Business

Digital banks expand as traditional institutions embrace new strategies

BY MOTOLANI OSENI

Nigeria’s banking landscape is undergoing a significant shift as digital-only banks continue to gain traction, challenging the longstanding dominance of traditional financial institutions.

This transformation, driven by a growing cashless economy and increasing fintech adoption, is redefining how millions of Nigerians engage with banking services.

Firms such as Kuda, ALAT by Wema, VBank, Sparkle, and Carbon are at the forefront of this evolution. Operating without physical branches, these digital banks offer app-based savings, transfers, loans, and budgeting tools—often with zero maintenance fees and free transfers—appealing to the country’s increasingly urban, mobile-first population.
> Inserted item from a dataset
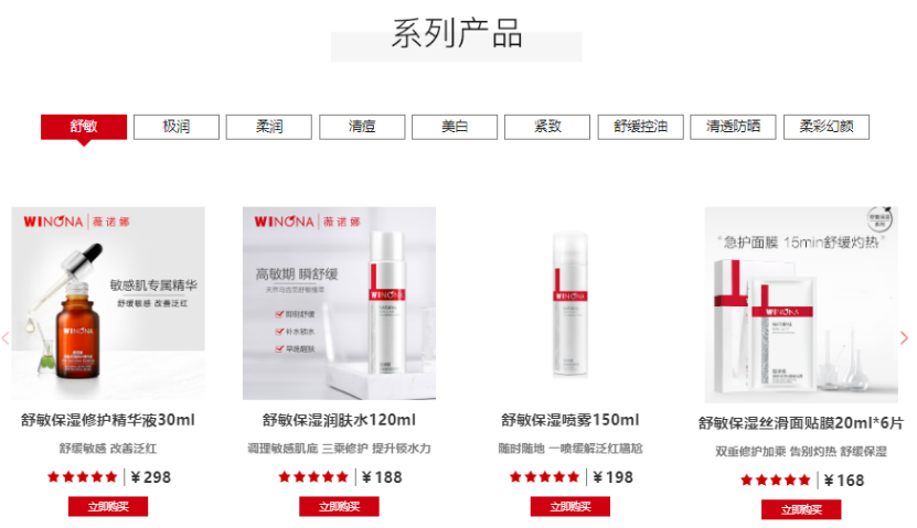 薇诺娜品牌有六个系列,舒敏系列是其中之一。

The momentum is reinforced by Nigeria’s rapidly expanding digital economy. Digital banking is expected to reach a market value of $852.44 million by 2029, with a compound annual growth rate of 6.42 per cent between 2025 and 2029, according to Statista.

In parallel, e-commerce is projected to hit $33 billion by 2026, signalling broader digital integration across sectors.

Digital banks are gaining popularity among younger Nigerians. Kuda Bank, for instance, offers up to 25 free transfers monthly and convenient digital features that resonate with tech-savvy users. ALAT by Wema, one of the sector’s pioneers, continues to leverage its legacy bank infrastructure to expand its reach.

In contrast, many traditional banks remain tethered to high-cost physical infrastructure and legacy systems. While they offer a wider suite of services, such as trade finance and international transactions, they are often criticised for inefficiencies, long queues, and outdated technology.

The Central Bank of Nigeria’s cashless policy, initiated in 2012 and intensified by the 2023 naira redesign and cash withdrawal limits, has further accelerated the shift toward mobile and electronic payments. In 2023 alone, electronic transactions in Nigeria surpassed 11 billion, highlighting the scale of digital adoption.

However, the transition has not been seamless. Moses Igbrude, President of the Independent Shareholders Association of Nigeria (ISAN), noted that many rural and elderly Nigerians remain dependent on traditional banks due to low digital literacy and limited internet access. He also warned of cybersecurity risks and infrastructure gaps that digital banks must navigate.

Regulatory oversight remains a key consideration. While several digital banks operate under microfinance licences issued by the CBN, increased scrutiny on customer data protection, digital identity, and financial stability is expected as the sector grows. Trust remains a differentiator, with traditional banks often perceived as more secure due to their institutional history.

Digital banking penetration, which stood at 45 per cent in 2023, is projected to climb to 64 per cent by 2027. Smartphone usage is also expected to reach 80 per cent by 2026, reinforcing the sector’s upward trajectory.

According to Lagos-based cybersecurity expert Taiwo Ogunjobi, the future of Nigerian banking lies in convergence, not competition. “Traditional banks are upgrading their digital capabilities, while digital banks are learning that long-term success requires more than just sleek apps—it demands compliance, trust, and robust infrastructure,” he said.